Some benefits to explain to consumers:
- Premiums won’t increase over time, unlike with long term care insurance
- Value can be passed onto heirs
- Policyholders are able to access funds for LTC immediately
What is a chronic illness rider?
This rider is similar to a long term care rider with one big caveat. Chronic is the keyword here. The condition must be permanent and certified by a doctor before this rider kicks in.
A good example would be a condition, such as a stroke that causes brain impairment, from which the policyholder won’t recover even after therapy. This person qualifies for the chronic illness rider. A critical illness rider is also the same as chronic illness in that a person is unable to perform certain daily living activities resulting from anything be that cancer or a heart attack. Both are types of accelerated death benefit riders.
Alternatively, if the insured has a stroke and recovers and can function on their own, they wouldn’t qualify but instead they hopefully, and happily, can stay in their home.

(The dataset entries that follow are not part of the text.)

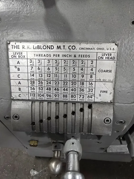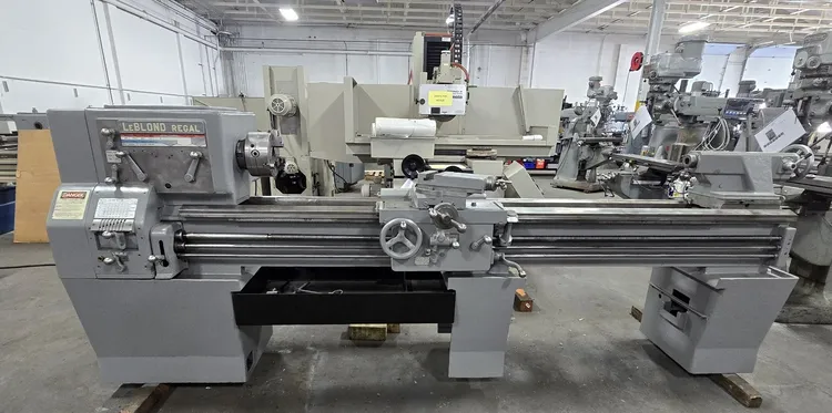 THIS LEBLOND REGAL IS A 19" X 78" ENGINE LATHE. ITS TECHNICAL CAPABILITIES INCLUDE A 19-1/2" SWING OVER WAYS AND A 12-1/4" SWING OVER THE CROSS SLIDE, WITH A GENEROUS 78" DISTANCE BETWEEN CENTERS. THE MACHINE IS EQUIPPED WITH A 10 HORSEPOWER MOTOR. THE SPINDLE OFFERS TWELVE SPEEDS RANGING FROM 38 TO 1500 RPM. OPERATORS HAVE ACCESS TO FORTY-EIGHT FEED SETTINGS, FROM .002 TO .116 INCHES PER REVOLUTION (IPR), AND FORTY-EIGHT THREAD SETTINGS, COVERING 2 TO 112 THREADS PER INCH (TPI). THE SPINDLE HOLE DIAMETER MEASURES 1-49/64". STANDARD FEATURES AND INCLUDED ACCESSORIES CONSIST OF A BISON 3-JAW CHUCK, A 5C COLLET CLOSER, HARDEN REPLACEABLE WAYS, A THREAD DIAL, A CHIP PAN, AND A TAIL STOCK.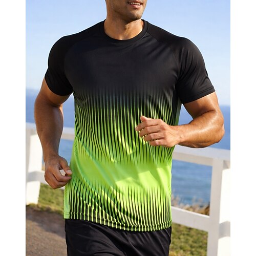 Per uomo Sfumatura A righe T-shirt da corsa Maglia a compressione Maglia atletica Sport in alto Estate Manica Corta Asciugatura Rapida Traspirante Allenamento in Palestra Camminata Jogging Blu Bianco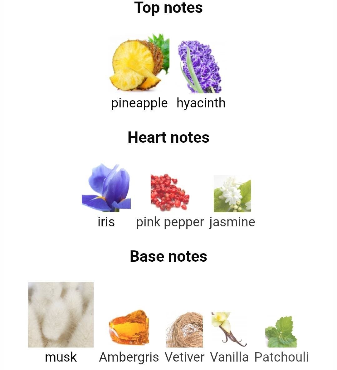 این عطر با نتهای آغازین آناناس و سنبل شروع میشود؛ شروعی تازه، میوهای و کمی تیز که انرژی زیادی به مصرفکننده میدهد. در میانه راه، رایحههای یاس، زنبق و فلفل صورتی به عطر عمق و لطافت میبخشند و حسی اشرافی و مجلل ایجاد میکنند. پایه عطر، ترکیبی گرم و جذاب از وانیل، کهربا، نعنا هندی، مشک و خسخس است که ماندگاری بسیار بالای اکسنتو را شکل میدهد.
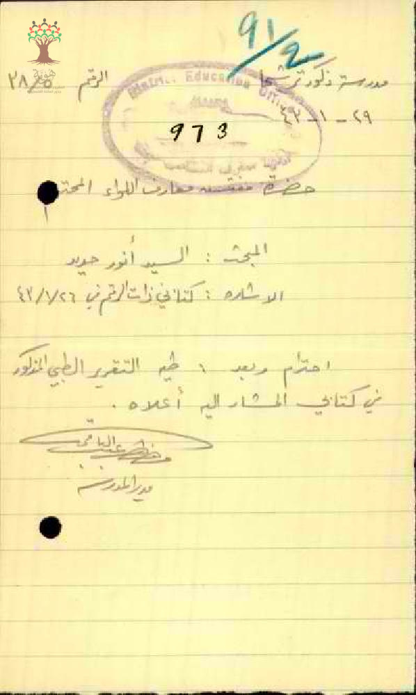 رسالة من مدير المدرسة الى مفتش معارف الجليل بخصوص المعلم انور حديد وطية التقرير الطبي المذكور في كتابي المشار اليه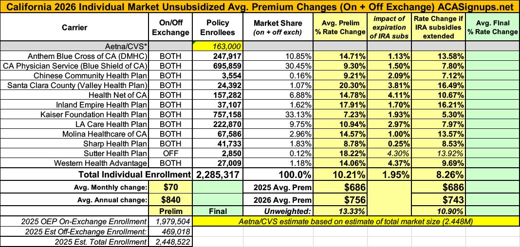 UPDATE 10/5/25: According to the California Insurance Dept. rate review filings site, all of the 2026 individual market filings have been finalized with only nominal tweaks to any of the average rate increases. The overall weighted average drops slightly from 10.2% to 10.1%, although Covered California seems to be sticking with 10.3%, so who knows...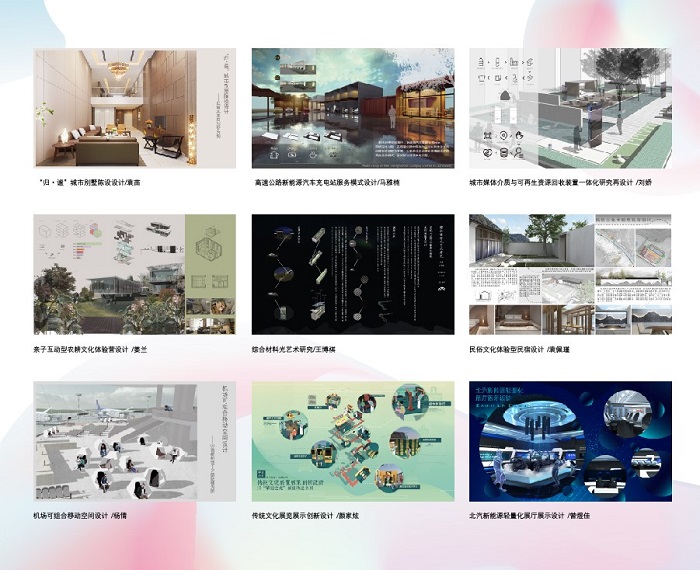 环境设计专业以“共生”为分主题,在新农村公共空间开发改造、儿童美术馆空间改造、儿童美术馆艺术衍生品研发、中华女子学院图书馆陈设艺术、科技馆主题展示空间与系统再设计、新能源汽车补给站设计等一系列领域进行探索,还在瓶子回收与信息发布混合装置研发设计、基于回收材料再利用的陈设品研发设计等方面进行了跨界尝试。

Can the private sector alone solve the long term care planning problem?
Carriers, with creative thought and approach, are already beginning to assist in filling the gap left by disappearing long term care insurance with the aforementioned riders. However, there is much work to do. Producers can begin by educating themselves and their clients about the current landscape and available alternatives. Doing so will help consumers view their insurance agents as valuable assets in their quest for effective and safe long term care services.
Lawmakers are beginning to take notice of this problem as well. In 2019, Washington state lawmakers passed a long term care social-insurance program, which is funded by a small payroll tax. This first-of-its kind program could be catching on in other states but speed is generally not the government’s forte.
This leaves it up to carriers and the private sector to step up to the plate and producers to take a swing.
Please note that at AgentSync, we provide data-driven tech solutions to insurance businesses – while we hope you find our perspective useful and interesting, we aren’t providing legal or financial advice. Do your own research and due diligence to follow the guidelines and regulations of your jurisdiction.